Personal information
- Nickname: MA
- Born: 4 April 1963 (age 63)

Sport
- Country: Germany
- Sport: Wheelchair basketball
- Disability class: 1.0
- Event: Women's team
- Team: RSV Lahn-Dill
- Coached by: Holger Glinicki

Achievements and titles
- Paralympic finals: 1988 Summer Paralympics 2012 Summer Paralympics

Medal record
Women's wheelchair basketball
Representing Germany
Paralympic Games
| Gold medal – first place | 2012 London | Team competition |
| Silver medal – second place | 1988 Seoul | Team competition |

= Britt Dillmann =

German wheelchair basketball player (born 1963)

Britt Dillmann (born 4 April 1963) is a 1.0-point wheelchair basketball player, who is a forward for RSV Lahn-Dill in the German wheelchair basketball league. She has also played for the national team, winning a silver medal at the 1988 Summer Paralympics in Seoul. She retired soon afterwards, but staged a comeback in 2011, rejoining the national team, which went on to win the European championships, and then a gold medal at the 2012 Summer Paralympics in London. President Joachim Gauck awarded the team Germany's highest sporting honour, the Silbernes Lorbeerblatt (Silver Laurel Leaf).

==Biography==
Britt Tuna was born on 4 April 1963. She played wheelchair basketball for RSV Lahn-Dill, and the German national team which won the European Wheelchair Basketball Championship in 1987. At the 1988 Summer Paralympics in Seoul, Tuna was considered to be the strongest wheelchair basketball player in her 1.0-point class. The German team went through the tournament undefeated until the final match, which they lost to the United States, 38–31. Tuna was bitter about the defeat, which she blamed on a tactical error by the German coach. She later conceded, "So habe ihr diese Niederlage noch über Jahre nachgehangen" ("I indulged in this defeat for many years").

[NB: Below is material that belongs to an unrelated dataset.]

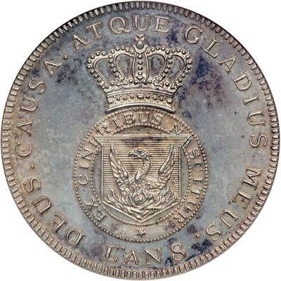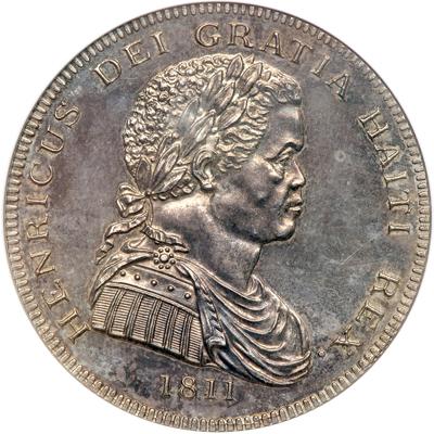 Haiti. Pattern Silver Restrike Crown, 1811/L'AN 8. KM-Bruce X#12. King Henri. Laureate armored bust right. Reverse: Crowned shield with rising phoenix. Toned. NGC graded Proof 62.

In the early 1990s, Tuna quit basketball to focus on her work. She married, changing her surname to Dillmann, and raised three children (Jana Dillmann, Charlotte Dillmann, Valentin Joshua Dillmann). But in the summer of 2009, Dillmann felt that she had become overweight and unfit. A low-carbohydrate diet and daily exercise at the gym, in the pool, and on the handcycle, saw her weight drop by 30 kg in a year.

Dillmann then decided to try wheelchair basketball again. She retrieved her old basketball chair, now somewhat mouldy and smelly, from the basement, and sought a game with her old team, RSV Lahn-Dill. Her debut game with the seconds saw the basketball officials reaching for their rulebooks to see if the old chair, of a type they had never seen, was still legal.

Although RSV Lahn-Dill, eager to develop young players, would only let her play in the seconds, Dillmann caught the attention of national coach Holger Glinicki, who was looking for a top-notch 1.0-point player. In 2010, she rejoined the national team that she had played on before many of her new teammates were born. The team went on to win the European Championships in 2011. Dillmann's treatment contrasted with that of national teammate Gesche Schünemann. While Schünemann received endorsements and could train in the hall of RSV Lahn-Dill's Rivers Barracks, Dillmann got none, and trained outdoors.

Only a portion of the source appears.